While some users may have set their PYTHONPATH
to include such arbitrary
locations, which would allow the myrecipes
module to be imported directly,
most people will not have such paths in their PYTHONPATH
, and would not be
able to directly import their recipe file without modifying their environment.
Using the RecipeMapper lets users avoid this hassle because it handles import
transparently.
>>> rm = RecipeMapper(adinputs, recipename='/path/to/myrecipes.myreduce')
>>> recipefn = rm.get_applicable_recipe()
>>> recipefn.__name__
'myreduce'
Note that for user supplied recipe libraries and functions, the mode
, the
pkg
, the drpkg
, and the tags are irrelevant. Essentially,
passing a user-defined recipe to the RecipeMapper tells the mapper, “do not
search but use this.” In these cases, it is incumbent upon the users and
developers to ensure that the external recipes specified are actually applicable
to the datasets being processed.
4.2.3. Primitives and Recipes, Together at Last
To summarize the mapper usage described in this chapter, to launch a reduction one does:
>>> tags = ad.tags
>>> instpkg = ad.instrument(generic=True).lower()
>>> rmapper = RecipeMapper(tags, instpkg)
>>> pmapper = PrimitiveMapper(tags, instpkg)
>>> recipe = rmapper.get_applicable_recipe()
>>> pclass = pmapper.get_applicable_primitives()
>>> p = pclass([ad])
>>> recipe(p)
This is essentially what the Reduce
class does.
4.3. Using the Primitives Directly
The primitves in the selected primitive set can be used directly. The recipe is just a function that calls some primitives from the set in some pre-defined order.

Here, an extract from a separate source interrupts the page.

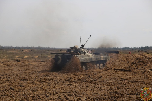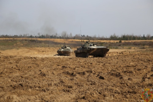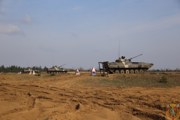 Личный состав одного из подразделений, привлекаемых к проверке боевой готовности Вооруженных Сил, на войсковом стрельбище полигона выполняет 2-е упражнение контрольных стрельб из вооружения БМП-2.

This usage can be useful for testing, debugging or interactive use.
The primitive set is obtained as shown in the previous section, using the
PrimitiveMapper
and its get_applicable_primitives
method. To retrieve
the list of primitives from the primitive set, one can do this:
>>> import inspect
>>> for item in dir(p):
... if not item.startswith('_') and \
... inspect.ismethod(getattr(p, item)):
... print(item)
...
The primitive set has been initialized with a list of AstroData objects. Running a primitive on them only requires calling the primitive as a method of the primitive set.
The exact call depends on the primitive itself. In geminidr
, the
primitives use a streams
attribute to store the AstroData objects being
processed in such a way that those objects do not need to be passed to the
primitives when called. For example:
>>> p.prepare()
>>> p.addVAR()
The syntax above uses streams to pass the data along from one primitive to
the next. The streams are attributes of the geminidr
PrimitiveBASE
class that all geminidr
primitive classes inherit. When writing a new
data reduction package, the use of that base class, and the
parameter_override
decorator in recipe_system.utils.decorators
, is
required to benefit from the streams system.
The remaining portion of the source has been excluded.